_Problem description_
Give the number of lines in the data that hold the word "where", and nothing else.

_Information supplied_
|---|
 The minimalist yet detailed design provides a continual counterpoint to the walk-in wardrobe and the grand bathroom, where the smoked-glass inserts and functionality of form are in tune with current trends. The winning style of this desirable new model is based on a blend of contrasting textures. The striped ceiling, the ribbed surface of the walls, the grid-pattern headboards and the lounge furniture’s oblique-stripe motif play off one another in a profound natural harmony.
|---|
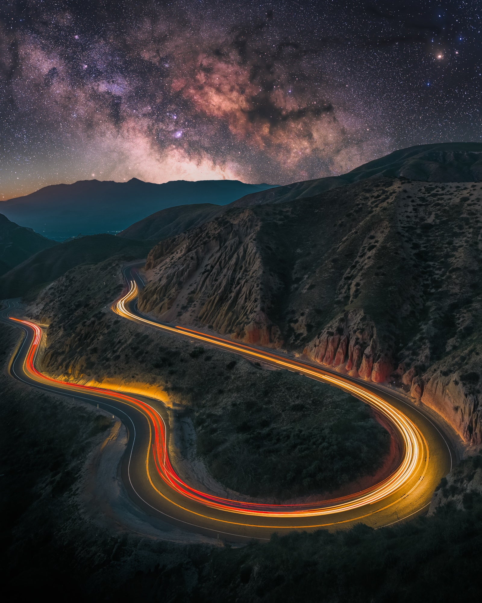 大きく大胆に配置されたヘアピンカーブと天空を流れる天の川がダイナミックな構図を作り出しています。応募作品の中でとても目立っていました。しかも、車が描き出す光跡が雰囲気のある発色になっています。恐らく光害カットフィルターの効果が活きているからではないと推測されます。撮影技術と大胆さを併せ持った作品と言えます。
|---|
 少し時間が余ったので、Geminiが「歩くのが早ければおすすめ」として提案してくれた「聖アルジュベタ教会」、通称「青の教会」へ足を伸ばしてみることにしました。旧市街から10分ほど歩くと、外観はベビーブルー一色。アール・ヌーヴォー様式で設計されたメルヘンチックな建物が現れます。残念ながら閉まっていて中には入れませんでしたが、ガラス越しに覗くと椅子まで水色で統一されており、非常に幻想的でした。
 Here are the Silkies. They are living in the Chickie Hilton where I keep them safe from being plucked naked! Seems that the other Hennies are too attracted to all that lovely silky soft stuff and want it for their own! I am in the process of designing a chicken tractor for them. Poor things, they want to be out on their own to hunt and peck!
|---|
_Answer to the problem_
2